=== WORK REQUEST ===
Copy out exactly the lines spanning the line with "Градинска порта, поцинкована" to the line with "강좌명 창의미술(2024년 하반기", inclusive, from the data underneath, with no pictures.

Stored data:
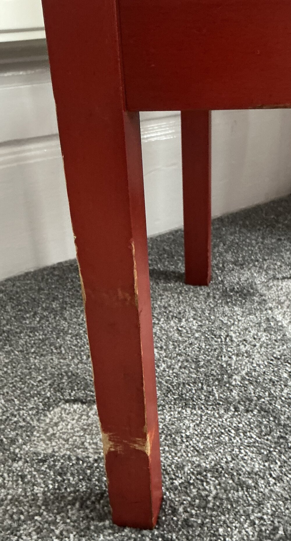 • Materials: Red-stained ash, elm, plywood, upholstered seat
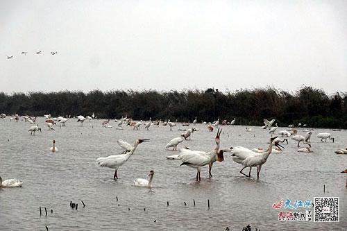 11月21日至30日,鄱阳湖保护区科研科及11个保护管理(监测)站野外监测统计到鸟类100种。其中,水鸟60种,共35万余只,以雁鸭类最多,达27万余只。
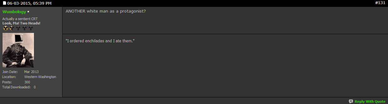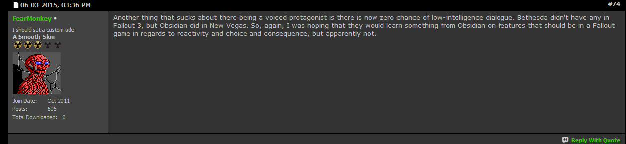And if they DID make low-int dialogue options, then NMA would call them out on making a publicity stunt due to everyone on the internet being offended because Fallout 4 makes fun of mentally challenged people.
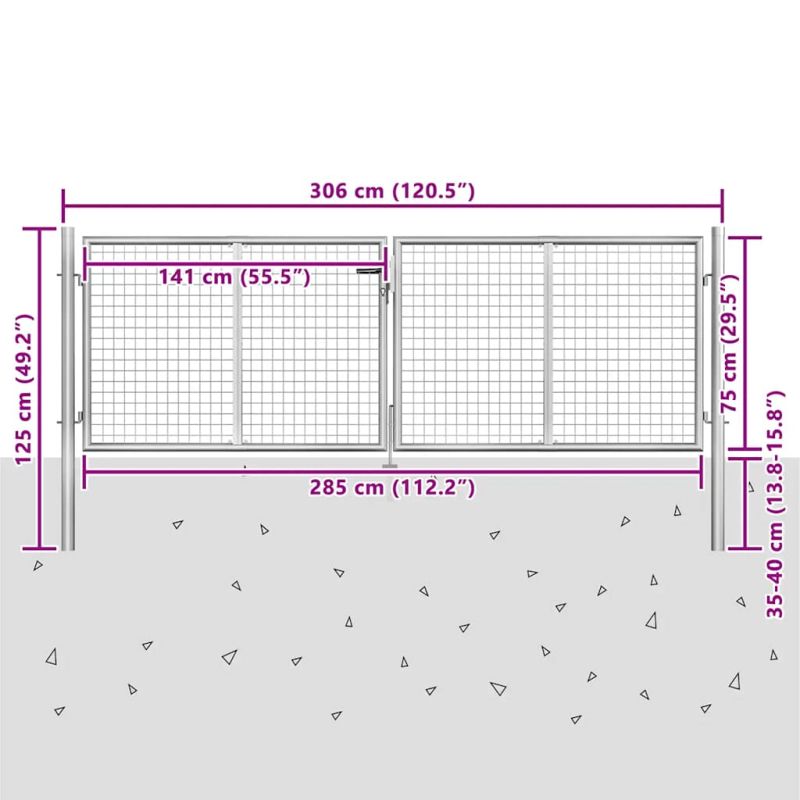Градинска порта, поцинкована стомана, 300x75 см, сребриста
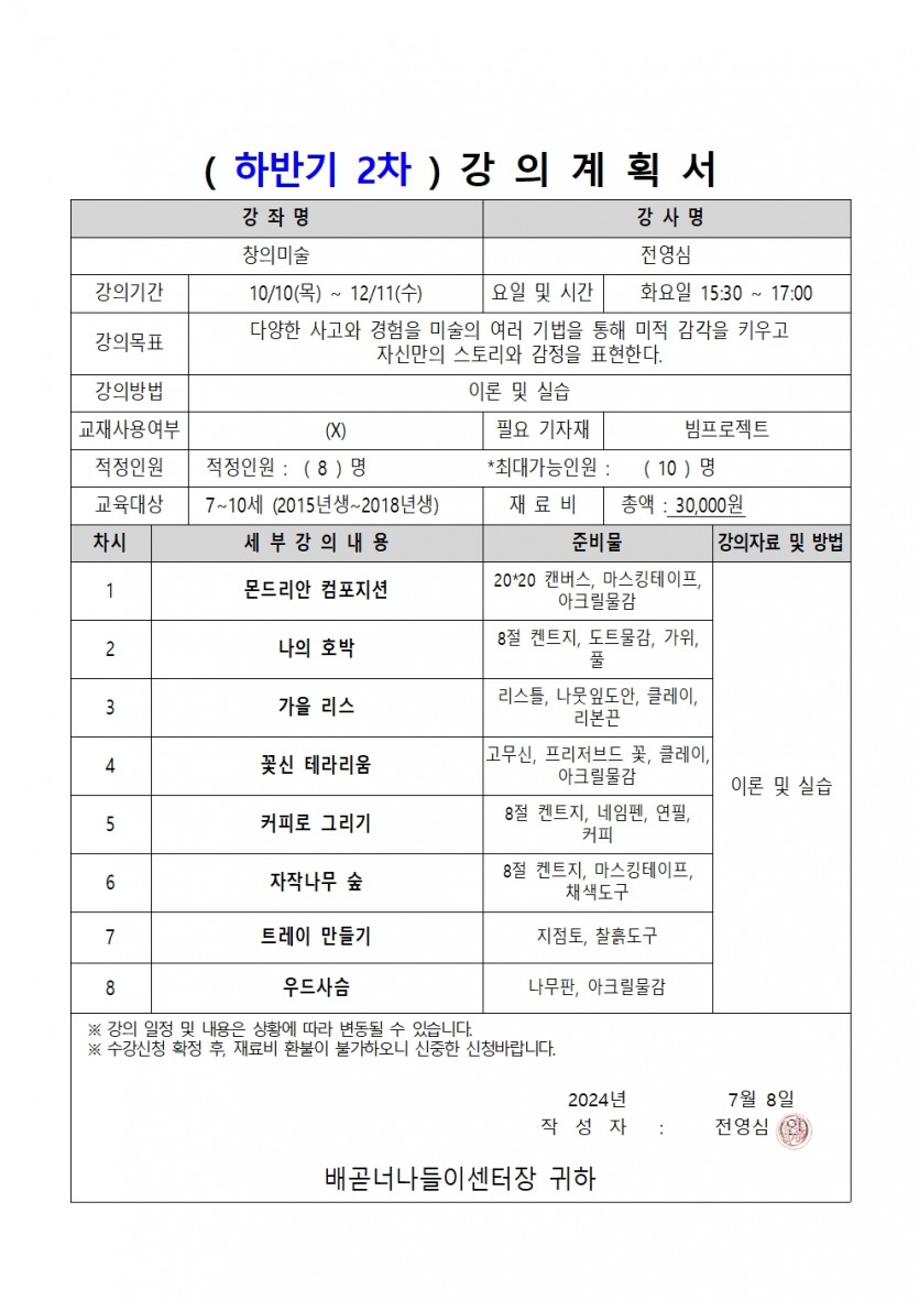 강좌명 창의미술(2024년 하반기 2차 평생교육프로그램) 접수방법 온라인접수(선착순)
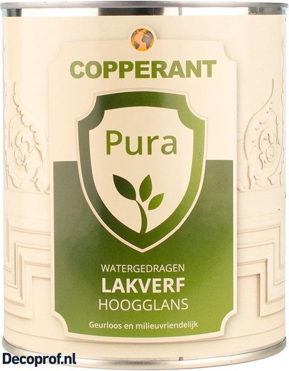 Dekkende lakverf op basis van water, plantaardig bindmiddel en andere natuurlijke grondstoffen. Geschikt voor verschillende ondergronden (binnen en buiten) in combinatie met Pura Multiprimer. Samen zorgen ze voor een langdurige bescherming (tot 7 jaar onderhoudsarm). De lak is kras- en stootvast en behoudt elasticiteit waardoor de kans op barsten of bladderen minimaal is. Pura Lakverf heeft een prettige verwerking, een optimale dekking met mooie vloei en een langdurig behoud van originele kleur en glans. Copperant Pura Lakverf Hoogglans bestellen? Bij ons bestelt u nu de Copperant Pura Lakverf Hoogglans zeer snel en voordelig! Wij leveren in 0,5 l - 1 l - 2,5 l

=== OUTPUT FOR THIS EXERCISE ===
Градинска порта, поцинкована стомана, 300x75 см, сребриста
 강좌명 창의미술(2024년 하반기 2차 평생교육프로그램) 접수방법 온라인접수(선착순)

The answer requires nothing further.